The commencement date for the pilot test of the online registration system was initially scheduled for April 15 2011, but the test was later shelved for logistic reasons. The system finally became a reality on July 16 2012.

The good:

  • Prior to the commencement of the test, the registry embarked on the process of developing a database containing all its official files.
  • The creation of the database was preceded by the cumbersome process of gathering data, scrutinising the manual procedures, building capacity and acquiring the technological skills required for the task.
  • An individual assessment of the registry’s staff was carried out, and employees were then deployed to different areas of the newly reformed registry in order to ensure optimal productivity.
  • In a bid to stop shady practices by unscrupulous individuals, the registry put in place an accreditation procedure for agents, firms or other interested parties seeking to access the online system. Upon fulfilment of the accreditation requirements, the accredited person or firm is granted a unique access code, through which it can access the website at all times.
  • Information on trademark practice, the registry’s involvement in international institutions and organisations, and seminars and workshops will be included in the registry’s website and accessible by accredited agents.
  • There is a 24-hour period for filing online.
  • The government will have access to relevant statistics in order to formulate policies.

The bad:

  • The payment of official fees was difficult, as agents had to go to the bank to effect payment (there was only one designated bank, which resulted in lengthy queues), and then scan and send the proof of filing to the registry. This problem has now been rectified with the introduction (on October 29) of the possibility of paying by ATM card.
  • It was impossible to make payment in the name of applicants which had the symbol ‘&’ in their names. This has now also been rectified.
  • It was impossible to file new patent applications and certain trademark applications.
  • Additional fees (referred to as ‘technology fees’) were introduced, which had the effect of increasing the amount of the filing fees.
  • It was difficult to access the online portal due to connectivity problems.

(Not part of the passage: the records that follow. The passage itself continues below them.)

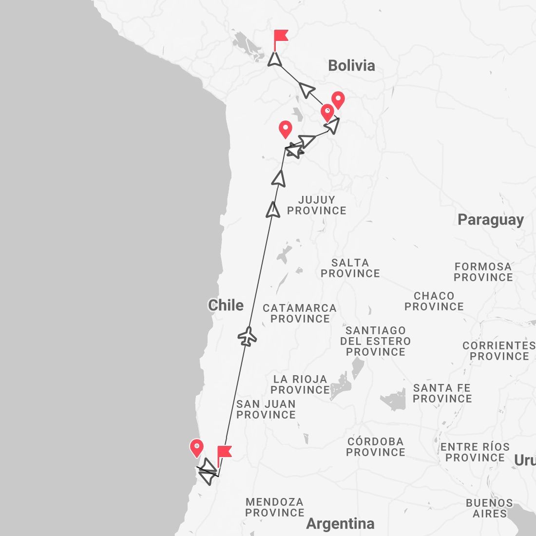 This adventure takes you on a journey through some of the most stunning landscapes between Chile and Bolivia, offering an experience that feels like stepping onto another planet. Starting in Santiago and the vibrant Valparaíso, you'll head north to San Pedro de Atacama, a desert oasis at 2,500m above sea level. Here, marvel at the otherworldly Valle de la Luna and the world’s highest geothermal field, El Tatio, with its 64 active geysers. Enjoy the desert’s natural beauty, including swimming in its lagoons and stargazing on an astronomical tour under the southern hemisphere’s skies.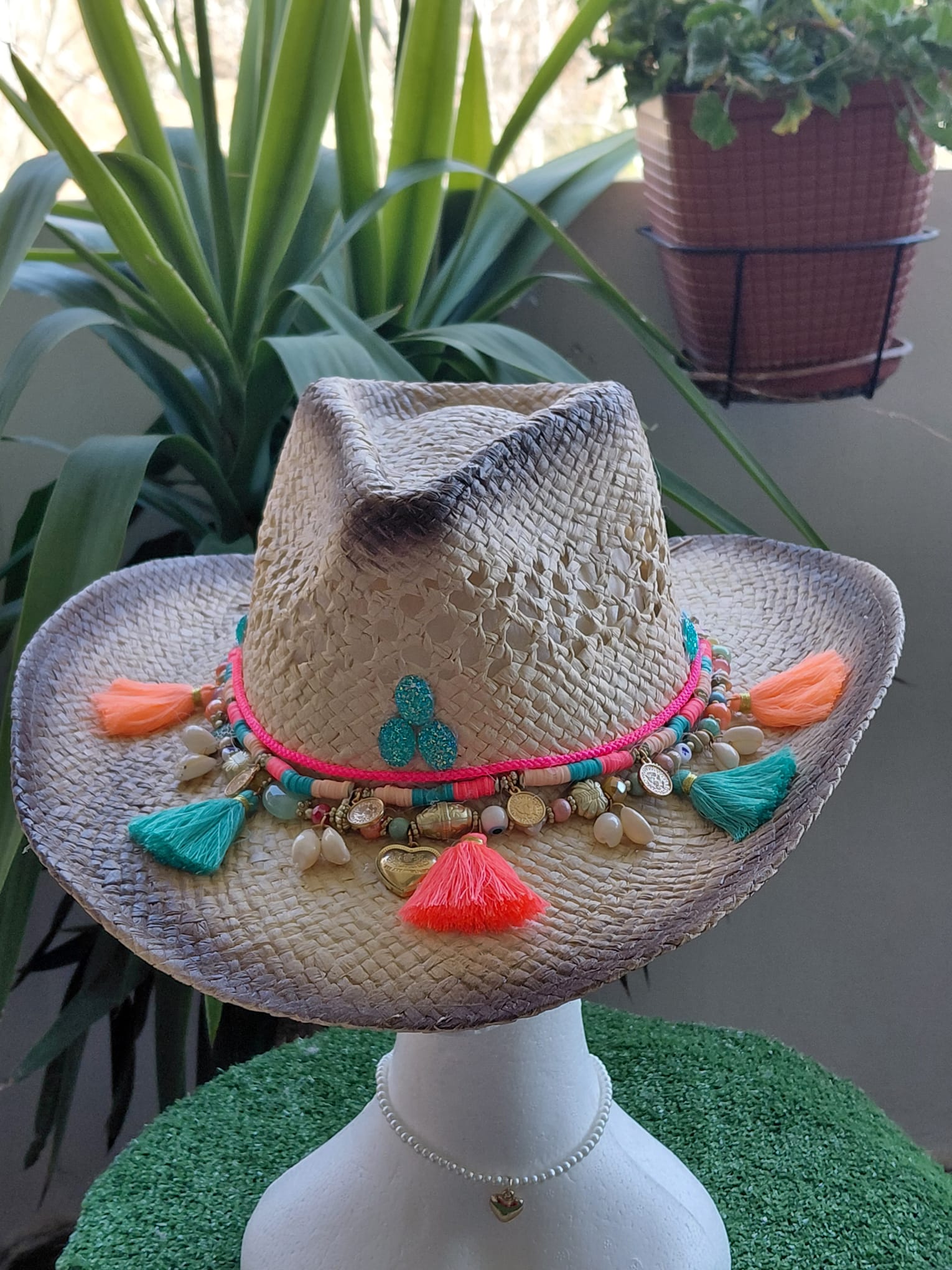 Cowboy con materiales: borlones de algodón verde agua y rosa flúor, dientes, pedrería a tono, cuentas variadas, monedas y corazón metálico dorado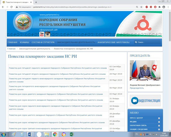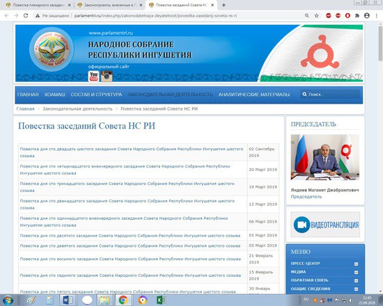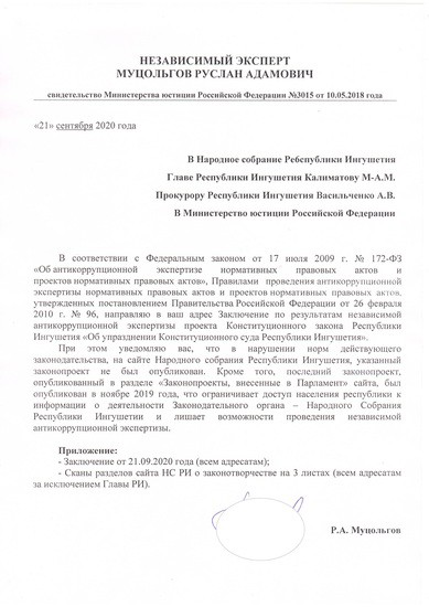 Кстати, направляя заключение он указал и на тот факт, что в нарушении норм действующего законодательства, на сайте Народного собрания Республики Ингушетия, указанный законопроект не был опубликован. Кроме того, последний законопроект, опубликованный в разделе «Законопроекты, внесенные в Парламент» сайта, был опубликован в ноябре 2019 года, что ограничивает доступ населения республики к информации о деятельности Законодательного органа – Народного Собрания Республики Ингушетии.
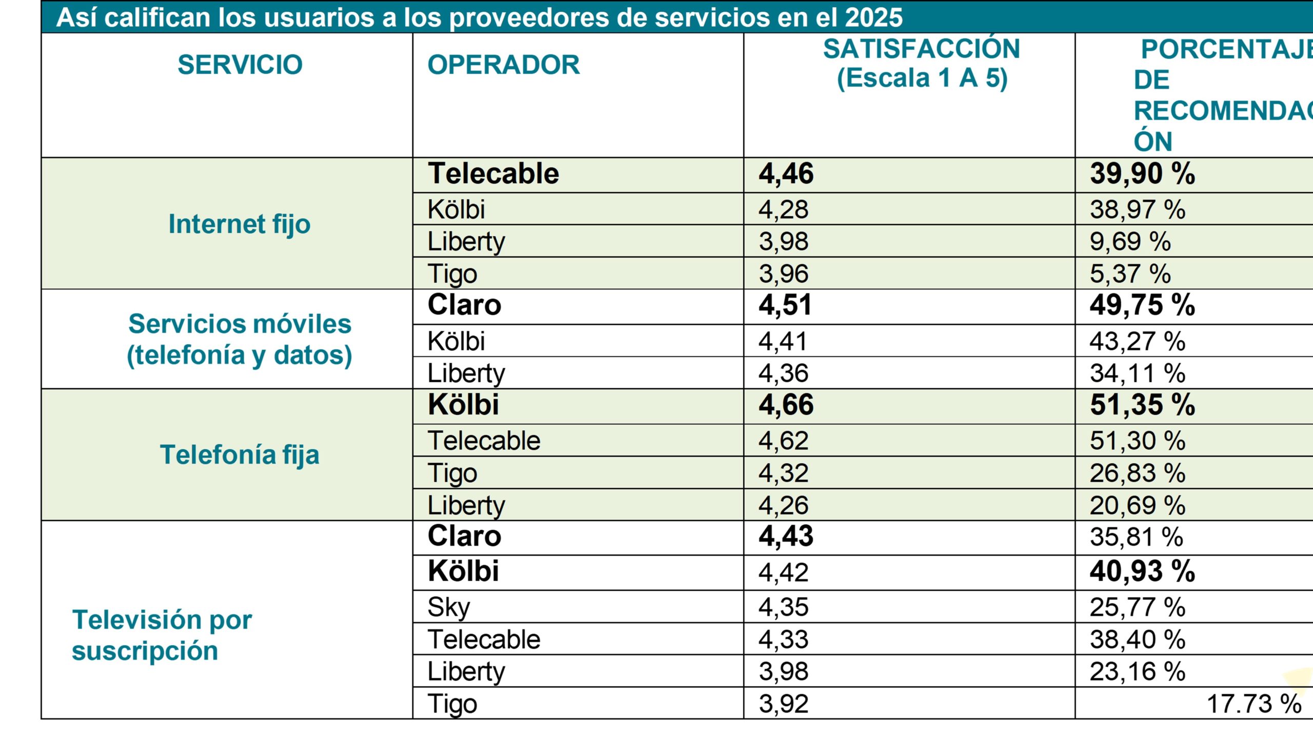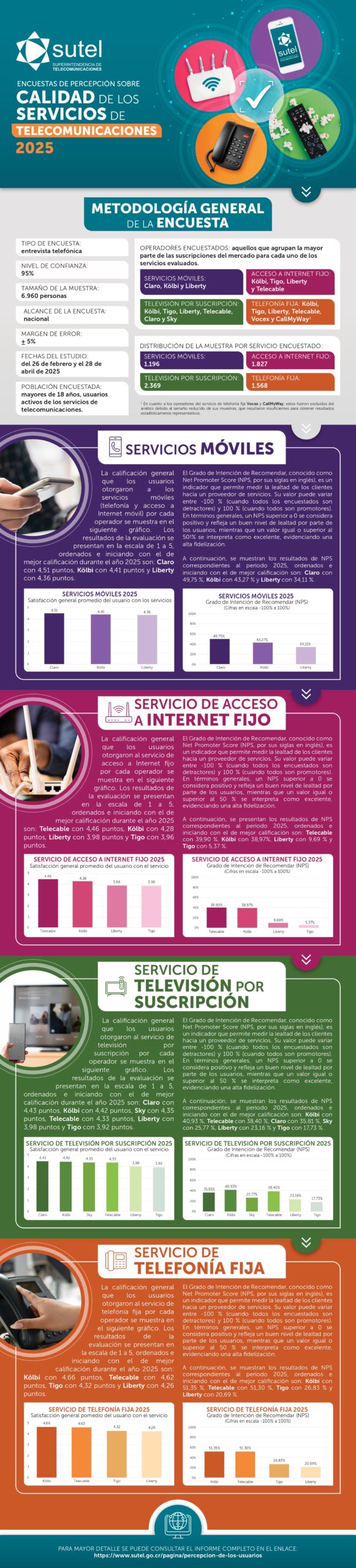 La Superintendencia de Telecomunicaciones (Sutel) dio a conocer los resultados de la Encuesta Nacional de Percepción de los Usuarios 2025, una herramienta que permite conocer cómo califican los costarricenses los principales servicios de telecomunicaciones que utilizan día a día: telefonía fija, servicios móviles, televisión por suscripción e Internet fijo.

The ugly - a Lagos-based law firm gave notice of its intention to commence civil proceedings against the Registrar of Trademarks and the IT firm responsible for the online filing system, seeking a declaration that:

  • the abolition of the manual registration system was illegal, as it was made unilaterally and without statutory backing;
  • the compulsory electronic filing of applications is illegal and constitutes an oppressive restraint on trademarks owners and practitioners;
  • the requirement that agents be accredited is ultra vires the provisions of the law; and
  • the additional consultancy fees are also ultra vires the provisions of the law.

Manual filing was reinstated alongside online filing on Monday August 27 following a memo/directive issued by the Registrar, citing technical difficulties with the online filing system as the reason for the reinstatement. The action has now been put in abeyance.

Despite the difficulties encountered by the new system so far, it is believed that online filing is the way forward in Nigeria, and credit must be given to the Registrar for pushing ahead with it.